* _Task_: Your task is to copy the stretch of lines in the records below that begins with the line containing "Jessea gutted the" and ends with the line containing "Zeer stevige ponstang, 70", exactly as written, with nothing added.

* _Source material_:
..........

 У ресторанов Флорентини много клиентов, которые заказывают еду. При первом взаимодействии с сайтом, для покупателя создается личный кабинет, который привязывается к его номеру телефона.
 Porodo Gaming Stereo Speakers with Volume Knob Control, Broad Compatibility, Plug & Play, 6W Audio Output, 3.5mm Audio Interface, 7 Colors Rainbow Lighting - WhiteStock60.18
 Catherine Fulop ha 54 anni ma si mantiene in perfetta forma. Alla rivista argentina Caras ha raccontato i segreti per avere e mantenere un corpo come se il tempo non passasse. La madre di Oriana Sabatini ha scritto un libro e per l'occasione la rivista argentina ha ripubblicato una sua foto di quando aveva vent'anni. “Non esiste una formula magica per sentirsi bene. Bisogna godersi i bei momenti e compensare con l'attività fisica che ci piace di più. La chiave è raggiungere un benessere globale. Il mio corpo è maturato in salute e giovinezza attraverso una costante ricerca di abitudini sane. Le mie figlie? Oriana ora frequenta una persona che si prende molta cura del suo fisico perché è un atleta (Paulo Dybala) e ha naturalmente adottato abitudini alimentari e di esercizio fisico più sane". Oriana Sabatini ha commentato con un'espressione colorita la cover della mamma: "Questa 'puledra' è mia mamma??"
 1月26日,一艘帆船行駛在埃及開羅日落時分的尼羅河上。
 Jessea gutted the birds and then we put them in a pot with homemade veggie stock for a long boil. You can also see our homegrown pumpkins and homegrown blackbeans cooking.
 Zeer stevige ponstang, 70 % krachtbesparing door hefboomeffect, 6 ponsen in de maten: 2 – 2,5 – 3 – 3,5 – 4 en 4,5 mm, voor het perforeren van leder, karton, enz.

..........

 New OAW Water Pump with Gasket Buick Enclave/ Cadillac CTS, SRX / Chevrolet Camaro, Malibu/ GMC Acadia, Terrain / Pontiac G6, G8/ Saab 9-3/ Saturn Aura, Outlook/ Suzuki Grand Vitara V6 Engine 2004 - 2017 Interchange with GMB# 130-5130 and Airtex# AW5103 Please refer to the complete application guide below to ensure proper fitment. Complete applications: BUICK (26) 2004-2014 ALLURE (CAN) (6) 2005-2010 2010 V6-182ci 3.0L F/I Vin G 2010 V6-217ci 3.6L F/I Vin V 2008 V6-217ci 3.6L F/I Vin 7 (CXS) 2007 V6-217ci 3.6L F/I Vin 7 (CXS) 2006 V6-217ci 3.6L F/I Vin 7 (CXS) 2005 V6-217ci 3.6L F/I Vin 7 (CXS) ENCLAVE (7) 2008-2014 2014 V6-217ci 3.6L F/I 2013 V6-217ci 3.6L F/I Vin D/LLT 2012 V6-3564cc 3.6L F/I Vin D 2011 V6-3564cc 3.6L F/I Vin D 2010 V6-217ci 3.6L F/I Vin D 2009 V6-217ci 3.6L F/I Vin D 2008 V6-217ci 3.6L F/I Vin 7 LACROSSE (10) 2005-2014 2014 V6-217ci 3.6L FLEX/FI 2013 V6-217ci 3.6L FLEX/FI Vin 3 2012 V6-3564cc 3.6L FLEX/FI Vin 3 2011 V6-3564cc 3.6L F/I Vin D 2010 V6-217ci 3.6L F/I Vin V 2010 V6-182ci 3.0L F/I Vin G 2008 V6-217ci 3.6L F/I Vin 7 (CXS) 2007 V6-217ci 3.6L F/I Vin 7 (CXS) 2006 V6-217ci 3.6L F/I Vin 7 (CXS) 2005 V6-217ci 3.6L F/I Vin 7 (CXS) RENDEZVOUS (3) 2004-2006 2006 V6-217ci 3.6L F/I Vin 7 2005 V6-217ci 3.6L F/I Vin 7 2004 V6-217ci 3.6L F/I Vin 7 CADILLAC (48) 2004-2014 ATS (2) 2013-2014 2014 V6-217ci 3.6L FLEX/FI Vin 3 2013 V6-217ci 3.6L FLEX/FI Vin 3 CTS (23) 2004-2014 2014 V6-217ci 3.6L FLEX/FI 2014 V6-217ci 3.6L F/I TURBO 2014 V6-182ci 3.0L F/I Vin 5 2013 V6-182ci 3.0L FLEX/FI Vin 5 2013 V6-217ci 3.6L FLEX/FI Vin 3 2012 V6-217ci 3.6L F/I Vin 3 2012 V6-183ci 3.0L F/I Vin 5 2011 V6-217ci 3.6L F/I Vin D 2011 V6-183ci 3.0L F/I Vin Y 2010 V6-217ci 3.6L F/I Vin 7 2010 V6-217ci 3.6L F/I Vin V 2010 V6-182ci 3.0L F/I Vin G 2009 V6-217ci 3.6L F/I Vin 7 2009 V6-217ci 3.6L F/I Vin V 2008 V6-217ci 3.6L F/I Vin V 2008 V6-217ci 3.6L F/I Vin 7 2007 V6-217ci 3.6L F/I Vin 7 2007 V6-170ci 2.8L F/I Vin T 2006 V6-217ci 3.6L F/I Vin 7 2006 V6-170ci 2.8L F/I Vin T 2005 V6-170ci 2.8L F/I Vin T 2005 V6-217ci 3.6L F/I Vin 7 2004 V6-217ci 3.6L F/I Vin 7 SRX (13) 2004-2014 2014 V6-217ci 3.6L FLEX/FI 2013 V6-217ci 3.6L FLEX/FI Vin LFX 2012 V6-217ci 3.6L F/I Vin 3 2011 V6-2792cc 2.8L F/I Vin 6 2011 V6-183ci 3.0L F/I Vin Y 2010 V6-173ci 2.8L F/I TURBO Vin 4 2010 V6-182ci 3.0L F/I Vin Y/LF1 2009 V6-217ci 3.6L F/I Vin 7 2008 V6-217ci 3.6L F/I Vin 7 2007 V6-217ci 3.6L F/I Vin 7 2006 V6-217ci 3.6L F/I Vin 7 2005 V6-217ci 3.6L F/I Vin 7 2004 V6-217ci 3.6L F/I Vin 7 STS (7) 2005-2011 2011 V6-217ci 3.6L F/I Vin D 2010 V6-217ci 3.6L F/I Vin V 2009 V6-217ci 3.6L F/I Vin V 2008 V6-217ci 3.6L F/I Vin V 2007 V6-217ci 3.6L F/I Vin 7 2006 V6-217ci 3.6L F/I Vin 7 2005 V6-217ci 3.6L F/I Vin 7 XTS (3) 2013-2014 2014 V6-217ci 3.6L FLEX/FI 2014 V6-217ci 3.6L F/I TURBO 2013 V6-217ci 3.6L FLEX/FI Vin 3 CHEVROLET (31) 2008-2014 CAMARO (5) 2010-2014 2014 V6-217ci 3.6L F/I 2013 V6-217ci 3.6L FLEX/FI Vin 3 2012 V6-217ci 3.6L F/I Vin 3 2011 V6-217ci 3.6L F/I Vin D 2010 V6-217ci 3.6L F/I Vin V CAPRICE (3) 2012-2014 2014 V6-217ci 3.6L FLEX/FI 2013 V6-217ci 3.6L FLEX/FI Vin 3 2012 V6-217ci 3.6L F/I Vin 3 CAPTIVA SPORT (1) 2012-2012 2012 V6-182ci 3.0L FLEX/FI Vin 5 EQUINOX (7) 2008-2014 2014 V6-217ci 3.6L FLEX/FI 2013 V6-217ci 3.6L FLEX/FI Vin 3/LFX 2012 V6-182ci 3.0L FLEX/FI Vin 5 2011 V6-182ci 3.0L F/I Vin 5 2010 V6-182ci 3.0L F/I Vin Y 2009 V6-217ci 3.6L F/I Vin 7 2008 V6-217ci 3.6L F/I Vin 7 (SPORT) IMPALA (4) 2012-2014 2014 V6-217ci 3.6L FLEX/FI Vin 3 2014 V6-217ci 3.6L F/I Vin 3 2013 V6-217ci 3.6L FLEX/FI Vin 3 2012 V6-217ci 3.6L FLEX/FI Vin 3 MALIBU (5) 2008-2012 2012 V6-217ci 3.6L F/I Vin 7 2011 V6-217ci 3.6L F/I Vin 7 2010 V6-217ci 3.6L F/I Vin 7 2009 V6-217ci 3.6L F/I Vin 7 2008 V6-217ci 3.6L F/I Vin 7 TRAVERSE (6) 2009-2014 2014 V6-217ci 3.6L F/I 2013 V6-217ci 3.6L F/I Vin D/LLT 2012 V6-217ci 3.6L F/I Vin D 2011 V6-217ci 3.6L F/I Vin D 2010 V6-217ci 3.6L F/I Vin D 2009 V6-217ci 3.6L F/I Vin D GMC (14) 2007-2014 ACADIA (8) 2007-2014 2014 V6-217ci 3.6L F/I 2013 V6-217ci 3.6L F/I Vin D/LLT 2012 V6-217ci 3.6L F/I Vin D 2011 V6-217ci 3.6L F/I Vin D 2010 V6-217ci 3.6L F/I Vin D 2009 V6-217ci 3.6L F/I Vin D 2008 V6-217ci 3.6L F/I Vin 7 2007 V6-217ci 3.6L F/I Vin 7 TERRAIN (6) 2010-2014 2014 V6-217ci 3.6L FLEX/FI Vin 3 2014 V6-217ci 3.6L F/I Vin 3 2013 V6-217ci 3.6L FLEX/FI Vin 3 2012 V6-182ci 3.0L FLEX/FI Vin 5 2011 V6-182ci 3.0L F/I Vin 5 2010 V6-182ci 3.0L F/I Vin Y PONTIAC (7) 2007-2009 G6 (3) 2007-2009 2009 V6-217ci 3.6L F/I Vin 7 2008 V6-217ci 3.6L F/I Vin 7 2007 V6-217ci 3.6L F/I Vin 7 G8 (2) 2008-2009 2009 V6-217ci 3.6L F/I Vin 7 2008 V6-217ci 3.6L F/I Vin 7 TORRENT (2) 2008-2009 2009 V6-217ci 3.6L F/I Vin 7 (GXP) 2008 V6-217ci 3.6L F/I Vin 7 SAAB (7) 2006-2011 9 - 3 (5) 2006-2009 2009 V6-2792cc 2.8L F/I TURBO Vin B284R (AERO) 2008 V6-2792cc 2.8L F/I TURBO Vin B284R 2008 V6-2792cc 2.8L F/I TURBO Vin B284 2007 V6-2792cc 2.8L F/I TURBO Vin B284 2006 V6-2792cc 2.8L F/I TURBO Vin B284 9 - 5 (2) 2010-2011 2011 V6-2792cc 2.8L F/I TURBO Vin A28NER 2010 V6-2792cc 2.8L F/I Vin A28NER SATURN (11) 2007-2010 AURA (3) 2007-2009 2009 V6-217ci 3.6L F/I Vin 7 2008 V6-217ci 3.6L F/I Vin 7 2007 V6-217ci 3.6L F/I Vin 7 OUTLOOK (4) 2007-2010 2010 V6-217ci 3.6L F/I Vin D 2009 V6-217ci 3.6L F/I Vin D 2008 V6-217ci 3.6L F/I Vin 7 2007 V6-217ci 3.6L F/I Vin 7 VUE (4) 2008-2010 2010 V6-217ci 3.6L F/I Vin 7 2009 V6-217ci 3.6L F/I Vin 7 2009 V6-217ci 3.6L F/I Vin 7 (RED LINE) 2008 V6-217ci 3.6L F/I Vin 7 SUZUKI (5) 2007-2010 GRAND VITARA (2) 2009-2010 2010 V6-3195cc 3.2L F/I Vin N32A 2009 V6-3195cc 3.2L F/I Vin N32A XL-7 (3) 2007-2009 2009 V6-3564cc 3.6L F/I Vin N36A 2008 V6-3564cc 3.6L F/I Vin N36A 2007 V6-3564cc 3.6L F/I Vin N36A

..........

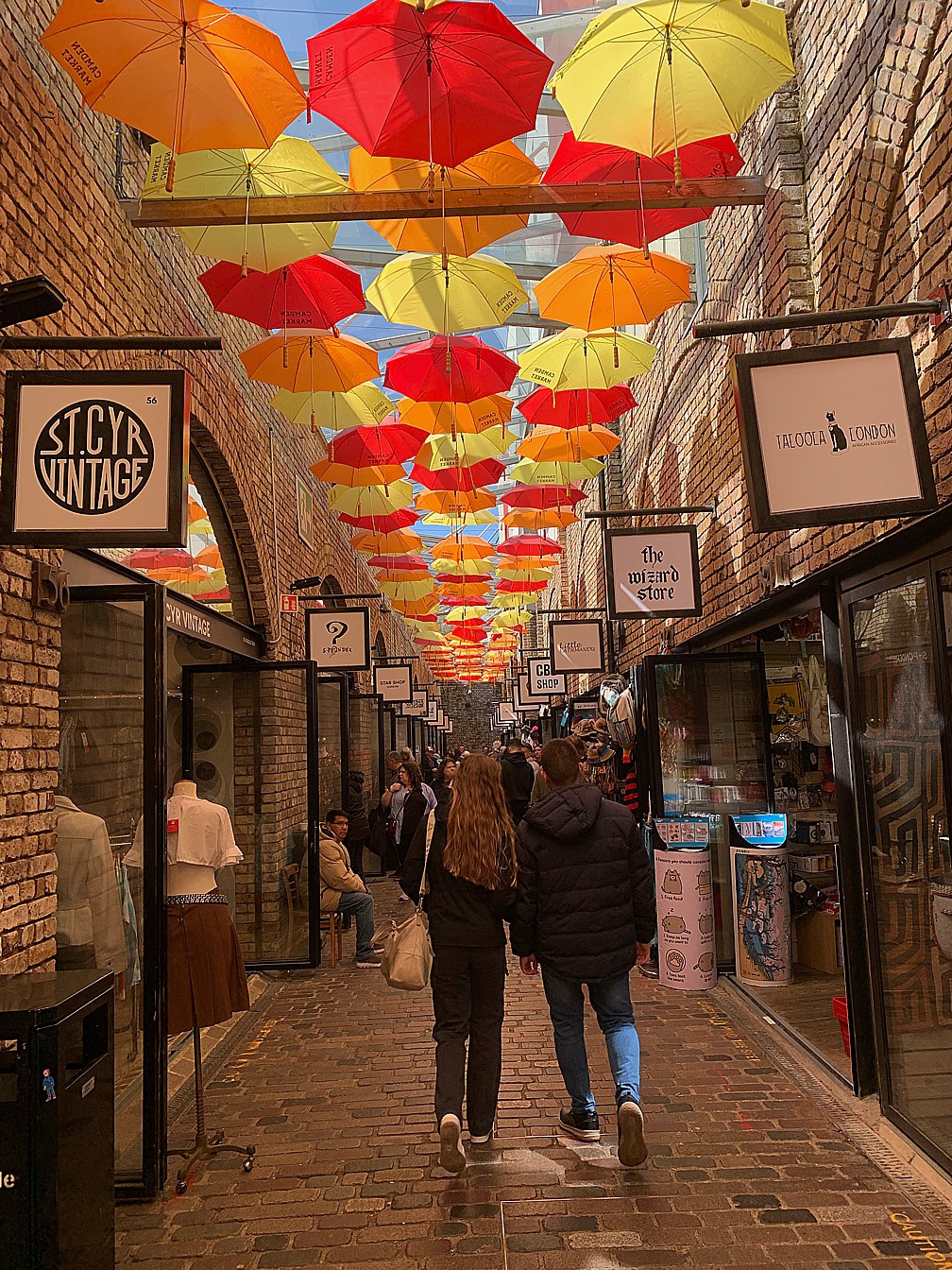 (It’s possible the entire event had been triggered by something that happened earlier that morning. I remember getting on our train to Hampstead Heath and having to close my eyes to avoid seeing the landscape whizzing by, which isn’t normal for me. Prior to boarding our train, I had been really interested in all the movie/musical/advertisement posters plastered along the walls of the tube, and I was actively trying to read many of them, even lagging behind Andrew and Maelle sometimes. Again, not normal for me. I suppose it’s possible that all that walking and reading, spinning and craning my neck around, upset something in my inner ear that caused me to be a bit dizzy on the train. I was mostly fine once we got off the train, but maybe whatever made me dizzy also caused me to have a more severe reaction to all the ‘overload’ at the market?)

..........

* _Response_:
 Jessea gutted the birds and then we put them in a pot with homemade veggie stock for a long boil. You can also see our homegrown pumpkins and homegrown blackbeans cooking.
 Zeer stevige ponstang, 70 % krachtbesparing door hefboomeffect, 6 ponsen in de maten: 2 – 2,5 – 3 – 3,5 – 4 en 4,5 mm, voor het perforeren van leder, karton, enz.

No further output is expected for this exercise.